# Description of the task
Please output the listing exactly as it stands, but omit any images.
══ Dataset extract ══
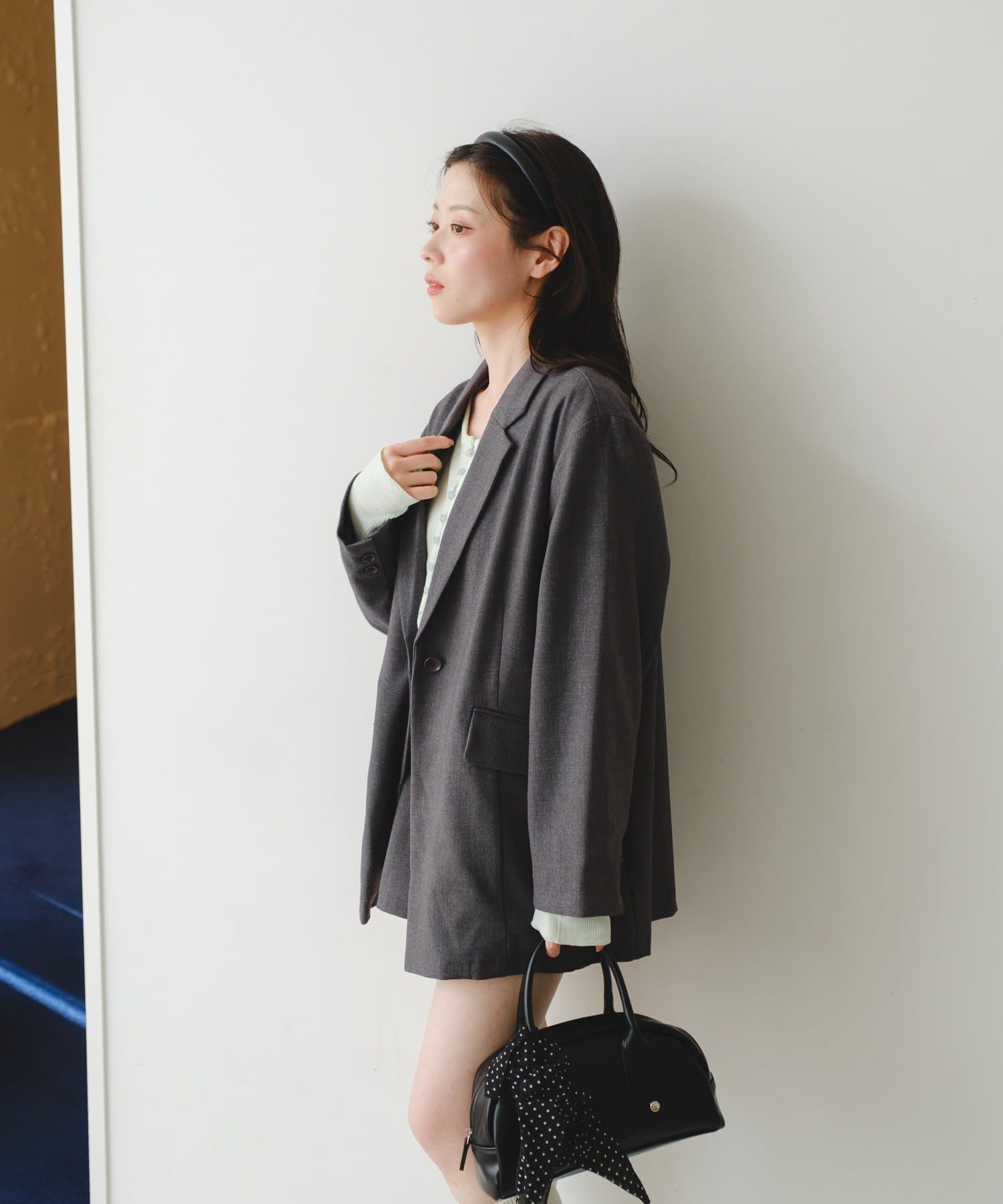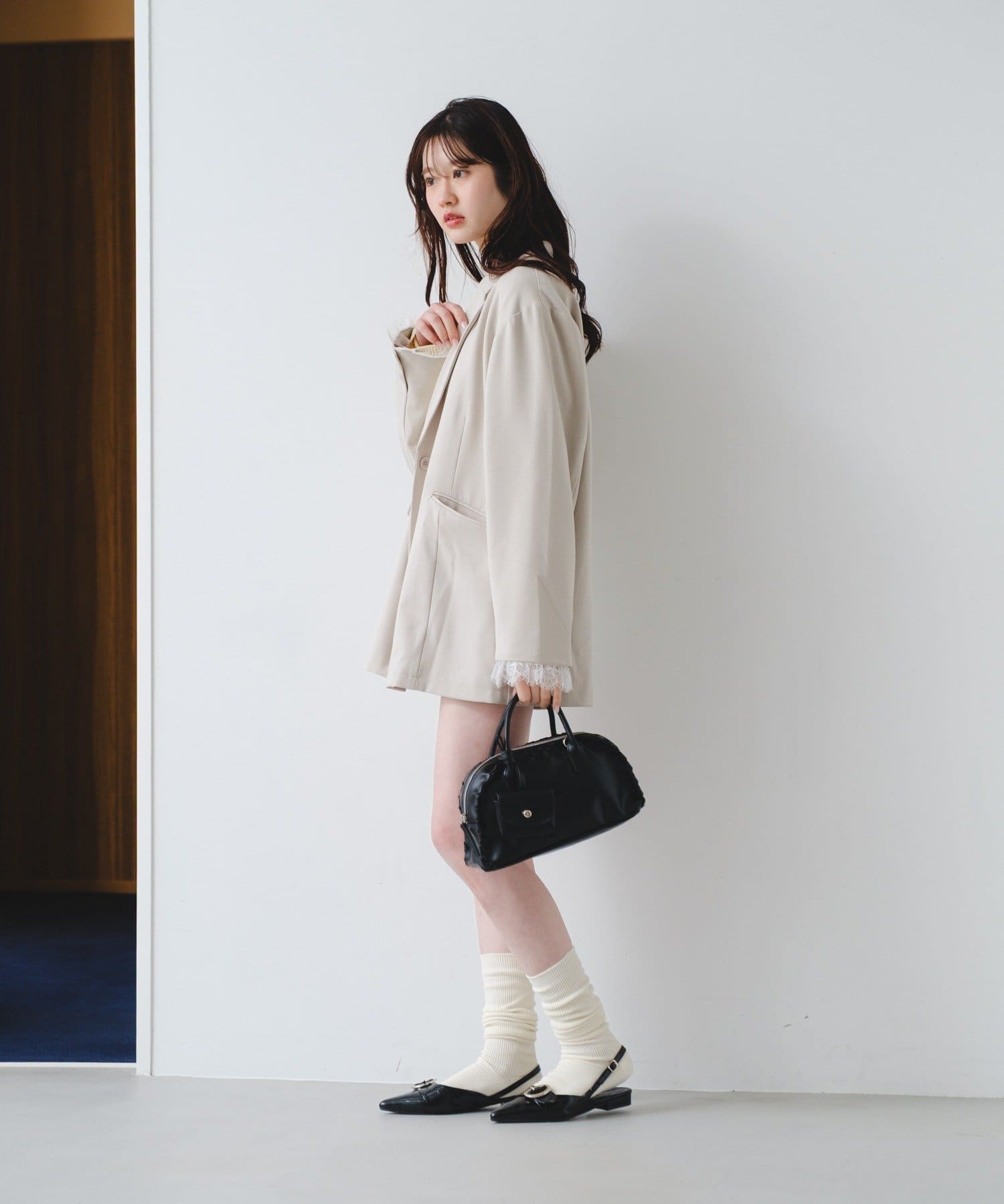 程よくハリのある素材感でシルエットを美しく保ち、カジュアルからきれいめまで幅広いスタイリングに対応します。
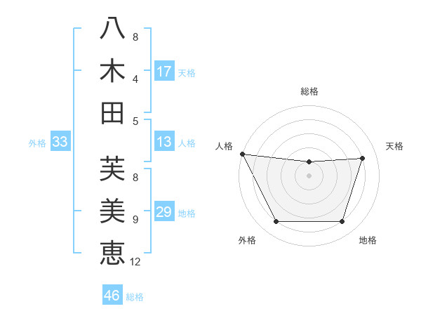 八木田 芙美恵さんを姓名の画数から五運を鑑定
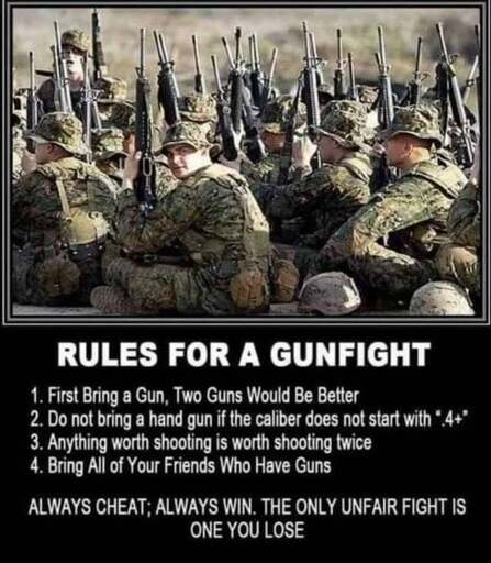 Oh, yeah you’re right. I read that wrong. I was reading that as if the caliber of the gun fight is less than .4, don’t bring a handgun.
═══
# Written response
 程よくハリのある素材感でシルエットを美しく保ち、カジュアルからきれいめまで幅広いスタイリングに対応します。
 八木田 芙美恵さんを姓名の画数から五運を鑑定
 Oh, yeah you’re right. I read that wrong. I was reading that as if the caliber of the gun fight is less than .4, don’t bring a handgun.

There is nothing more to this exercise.